Una apuesta a la nada, por nada me dejaron al borde de un
precipicio que tienta más que tres corazones indefensos latiendo.
Una redonda que urge su efecto. Por dentro, un relato salvaje
que choca con sus autos, golpes y puñales en toda esta cascara pero que no se
anima a salir con su furia implacable.
Siempre las culpas están ahí, siempre buscan una nueva,
reinventan otra, resucitan otras milenarias y todas las cargan a la misma cuenta.
Esos ojos claros, ciegos, egoístas, que juzgan
todo, dan tanta bronca.
La cuerda en el árbol es una tentación, solo basta arrastrar
la escalera y subir por el filo de esos escalones que agotan la vida con cada
paso. La soga está húmeda y tan fría como los visitantes de las morgue. Lleva un par de horas alcanzar el rigor mortis, pienso mientras cerco mi cuello.

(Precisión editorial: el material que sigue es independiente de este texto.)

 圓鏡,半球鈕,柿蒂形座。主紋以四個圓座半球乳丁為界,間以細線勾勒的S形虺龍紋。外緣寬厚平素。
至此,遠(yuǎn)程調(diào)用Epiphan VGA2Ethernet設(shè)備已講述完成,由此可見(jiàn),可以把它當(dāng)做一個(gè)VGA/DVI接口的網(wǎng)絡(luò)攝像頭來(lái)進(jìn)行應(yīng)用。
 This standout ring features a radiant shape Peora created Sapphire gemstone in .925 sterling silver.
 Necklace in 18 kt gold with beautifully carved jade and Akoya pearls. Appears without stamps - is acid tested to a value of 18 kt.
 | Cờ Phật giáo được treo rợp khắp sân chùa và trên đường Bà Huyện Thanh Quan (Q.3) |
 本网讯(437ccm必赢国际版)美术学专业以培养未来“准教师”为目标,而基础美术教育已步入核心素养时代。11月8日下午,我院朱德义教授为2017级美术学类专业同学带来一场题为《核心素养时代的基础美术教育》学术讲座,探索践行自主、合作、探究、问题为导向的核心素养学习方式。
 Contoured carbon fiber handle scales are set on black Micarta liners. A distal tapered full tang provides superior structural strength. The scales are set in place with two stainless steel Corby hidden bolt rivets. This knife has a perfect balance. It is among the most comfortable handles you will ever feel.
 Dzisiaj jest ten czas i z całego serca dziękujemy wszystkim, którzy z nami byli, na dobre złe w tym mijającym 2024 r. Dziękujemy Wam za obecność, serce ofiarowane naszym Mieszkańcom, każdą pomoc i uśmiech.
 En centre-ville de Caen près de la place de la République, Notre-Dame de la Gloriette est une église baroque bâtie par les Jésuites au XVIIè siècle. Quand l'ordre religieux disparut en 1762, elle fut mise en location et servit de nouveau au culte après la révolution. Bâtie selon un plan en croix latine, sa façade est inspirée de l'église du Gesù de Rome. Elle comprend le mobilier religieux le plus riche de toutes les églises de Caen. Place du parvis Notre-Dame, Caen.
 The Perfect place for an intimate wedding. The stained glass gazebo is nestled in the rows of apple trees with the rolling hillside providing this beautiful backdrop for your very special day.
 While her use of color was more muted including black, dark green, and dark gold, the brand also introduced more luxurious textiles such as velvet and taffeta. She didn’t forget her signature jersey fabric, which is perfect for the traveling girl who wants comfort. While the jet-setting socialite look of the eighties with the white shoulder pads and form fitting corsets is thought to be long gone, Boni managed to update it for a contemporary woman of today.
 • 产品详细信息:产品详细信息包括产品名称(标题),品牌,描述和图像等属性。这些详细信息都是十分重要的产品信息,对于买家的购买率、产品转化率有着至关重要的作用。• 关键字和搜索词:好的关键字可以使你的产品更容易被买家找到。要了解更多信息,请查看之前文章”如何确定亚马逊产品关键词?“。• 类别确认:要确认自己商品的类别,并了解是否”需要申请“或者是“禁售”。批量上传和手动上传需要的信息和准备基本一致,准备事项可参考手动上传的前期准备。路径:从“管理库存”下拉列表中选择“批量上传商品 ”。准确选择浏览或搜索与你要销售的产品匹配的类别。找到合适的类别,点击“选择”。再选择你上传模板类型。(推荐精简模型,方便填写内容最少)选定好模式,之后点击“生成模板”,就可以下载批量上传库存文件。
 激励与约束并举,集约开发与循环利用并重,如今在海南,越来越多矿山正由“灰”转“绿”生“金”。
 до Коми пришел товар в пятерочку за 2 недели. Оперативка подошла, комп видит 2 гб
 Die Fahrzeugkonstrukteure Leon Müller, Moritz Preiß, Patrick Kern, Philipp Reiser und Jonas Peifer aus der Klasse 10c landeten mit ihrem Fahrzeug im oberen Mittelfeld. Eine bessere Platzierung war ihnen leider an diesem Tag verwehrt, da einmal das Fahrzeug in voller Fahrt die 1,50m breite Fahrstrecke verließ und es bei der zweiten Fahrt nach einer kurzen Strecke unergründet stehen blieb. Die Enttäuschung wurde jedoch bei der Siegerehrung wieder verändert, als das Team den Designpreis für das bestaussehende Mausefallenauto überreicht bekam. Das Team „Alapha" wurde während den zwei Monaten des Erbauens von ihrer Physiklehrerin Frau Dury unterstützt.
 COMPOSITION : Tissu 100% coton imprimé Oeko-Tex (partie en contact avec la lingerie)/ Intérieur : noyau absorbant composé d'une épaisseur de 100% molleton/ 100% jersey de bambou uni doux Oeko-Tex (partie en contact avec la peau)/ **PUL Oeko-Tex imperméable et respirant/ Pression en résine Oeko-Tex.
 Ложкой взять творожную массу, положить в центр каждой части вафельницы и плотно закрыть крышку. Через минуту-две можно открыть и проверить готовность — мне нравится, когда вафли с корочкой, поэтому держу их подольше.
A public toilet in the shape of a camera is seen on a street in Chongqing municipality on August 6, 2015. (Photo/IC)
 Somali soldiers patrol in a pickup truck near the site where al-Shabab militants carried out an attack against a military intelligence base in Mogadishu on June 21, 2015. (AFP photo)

Atrás habrán quedado los despertadores, las corridas, los
títulos, las comas, los adelantos y la sonrisa fingida. El cigarrillo prestado
que fumo en busca de una bocanada de aire. También habrán de quedar colgadas
todas las culpas, la ausencia interminable hecha jirones y todas las
posibilidades infinitas que nunca mostró el GPS.
Este aire que llega a mis pulmones como un bálsamo
no imagina que está siendo el último.
Los escalones se vencen, el cuerpo cae en seco y la cuerda
se desarma para que este cuerpo que debería estar flotando sin aliento a centímetros del
suelo, ahora esté embarrado, aliviado, fracasado y sin otra alternativa más que encender un cigarrillo acompañado por un silencio y una nada que estremecen.